Alas, with the videos finally in their hands, ABC started getting cold feet. The “20/20” segment kept getting smaller and smaller. The impending explosion made a Havana press bureau seem that much more precious, especially to ABC whose Havana staff, as mentioned, had already whimpered their objections to the health-care expose. They were unaware of the smuggled videos but many of their colleagues stateside apparently ”felt their pain.” They knew such a show would not make their Cuban hosts happy.
So more cutting and more paring ensued. On September 12, 2007 “20/20” ended up running a tiny segment on the matter, barely five minutes long and with almost none of the smuggled video footage.
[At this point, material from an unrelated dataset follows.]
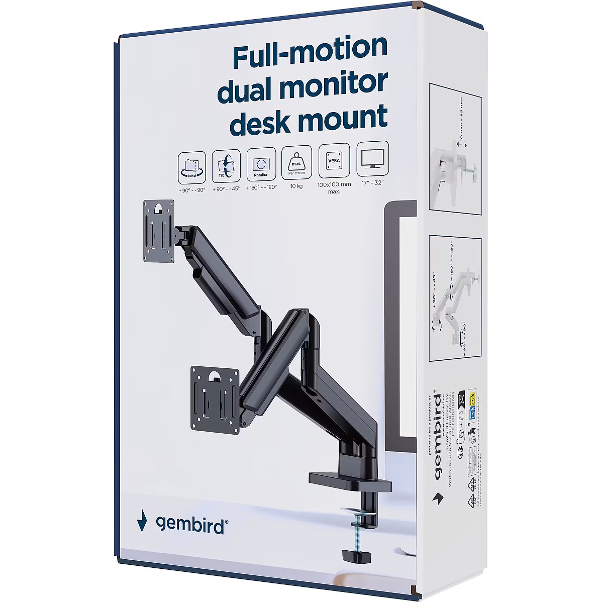 Gembird Desk mounted adjustable double monitor arm, 17-32"

Even so, viewer response was thunderous. “20/20” was deluged with congratulatory e-mails. ABC announced a follow-up show. The Cuban regime followed up also. The Cuban Communist party's central committee called a meeting to discuss the issue, then called in ABC's Havana bureau for talking-to.
Bottom line: John Stossel's follow-up shows on
Sicko
included no mention of Cuba's health-care.
Enter Fox News, and Sean Hannity in particular. After hanging up with George Utset I got on the phone with Fox News and notified them of the smuggled videos. They immediately requested a look. Two days later Hannity's producers were busy editing, translating and subtitling. On October 10, 2007 they ran huge segments of the smuggled videos. Fox viewers saw naked patients covered with flies while lying on hospital beds consisting of a bare mattress. They saw hospital buildings that would be condemned by the health board of any U. S. municipality. They saw and heard Dr. Darsi Ferrer along with other Cubans who described their inability to obtain something as basic as aspirins.
Greed was the motif of Michael Moore's
Sicko
. Among the highlights of the smuggled videos, Fox viewers saw Cubans being told by regime officials that aspirins and other medicines just might be available to them—but only if they paid in U.S. dollars, not the Cuban pesos they held out in desperation.